In the Torah section of Korach, the Torah tells us of an unwarranted and baseless assault by Korach, borne by jealousy, on the characters of no less than the great leader of the people ofMoses, hand picked by G-d himself, and his illustrious brother Aaron, chosen by G-d to be Kohen Gadol (high priest). As a result of feeling that he was not given the position due him, Korach, a member of the Levite tribe, chooses to cast aspersions on Moses and Aaron, and, in the process, rallies many people to his side in his ill-fated attempt to turn the people against the man who did so much for them. Finally, G-d puts an end to this reprehensible behavior, putting an end to Korach and all those who supported him by having the earth miraculously open up and swallow them alive.
During the course of the argument with Korach, Moses rebukes Korach and his levite cohorts: “It is too much for you, O offspring of Levi!” (Bamidbar 16, 7). In his commentary to this verse, R. Shimshon Pincus points out that after all that Korach did, casting doubt upon the G-d given status of Moses, mocking the holiness that he brought to the nation, and stirring descent against Moses and Aaron to the point that G-d’s anger is ignited saying to Moses and Aaron, “Separate yourselves from amidst this assembly and I shall destroy them in an instant” (Bamidbar 16:20), Moses does not lash out with derogatory verbiage against Korach and his henchmen. Instead, he reminds them that they are levites, a chosen family lineage, and that it is unbecoming of them to overstep themselves.
It is natural, R. Pincus notes, for someone who has been severely wronged and angered to explode like a volcano spewing fire and brimstone full of insults. Yet, Moses, in line with the teachings of our Sages, tempers his anger in order to stick to the point, namely a valiant effort at coolly bringing his adversary to his senses (see Babylonian Talmud, Betzah 20a).
G-d tells us “You shall not hate your brother in your heart; you shall reprimand your fellow” (Vayikra 19:17). R. Isser Zalman Meltzer explains in his Even Ha’Azel that no one can properly reprimand another unless he feels a certain caring for him. Only if he cares, can he pay attention to the other’s situation and truly look to its improvement, similar to a parent who rebukes his children. Rebuke coming from caring has more of a chance to influence the other who feels that caring. On the other hand, if two people hate each other, no rebuke or reprimand has much chance of serving its purpose. R. Meltzer points out that our Sages say at one point that the Second Temple was destroyed as a result of senseless hatred (Babylonian Talmud, Yoma 9b), while at another point they say that the destruction was due to the people’s not reprimanding each other (Babylonian Talmud, Shabbat 119b). These two different stated causes, R. Meltzer notes, go hand in hand. Since there was baseless animosity among the people, they were unable to rebuke each other properly.

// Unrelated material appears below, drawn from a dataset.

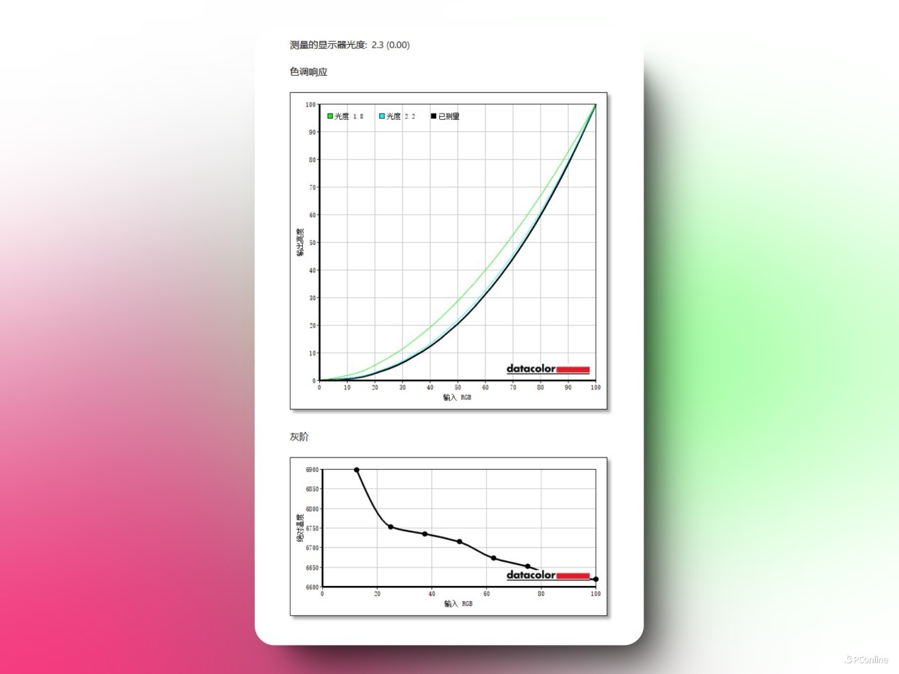 在伽马曲线测试中,HKC G27M7 Pro 的表现与标准的 Gamma 2.2 曲线 高度吻合。伽马曲线描述了显示器亮度与输入信号之间的关系,理想的伽马值能够确保画面的亮度与对比度均衡,保证图像的真实再现。

The goal of reprimanding another must be to help the other correct his behavior – not to let off steam. The goal of rebuking your fellow Jew must be for the good of the other – not to hear oneself talk. When, like Moses, one lets someone else know of the error of his ways out of a caring concern to improve the other’s life, he has a good chance of reaching that goal. If one speaks to another with sensitivity for the other’s feelings and station in life, he has a good chance of improving the other’s station in life. We must remember that it is not just what you say; it is how you say it. Indeed, the Torah enjoins us to reprimand another when we witness iniquity, but we cannot do it with animosity or indignation. We must treat the other as a fellow, as an equal, as a brother – whom we care about. Only then can that reprimand be an accomplishment. Only then can the wayward individual learn and absorb the message that we want to send. Only then can more and more of our brethren reach the heights possible to make our lives together on this world a happier and more fulfilling experience for the good of all concerned. Only then can the lofty goals set down for us by G-d in His Torah be fulfilled.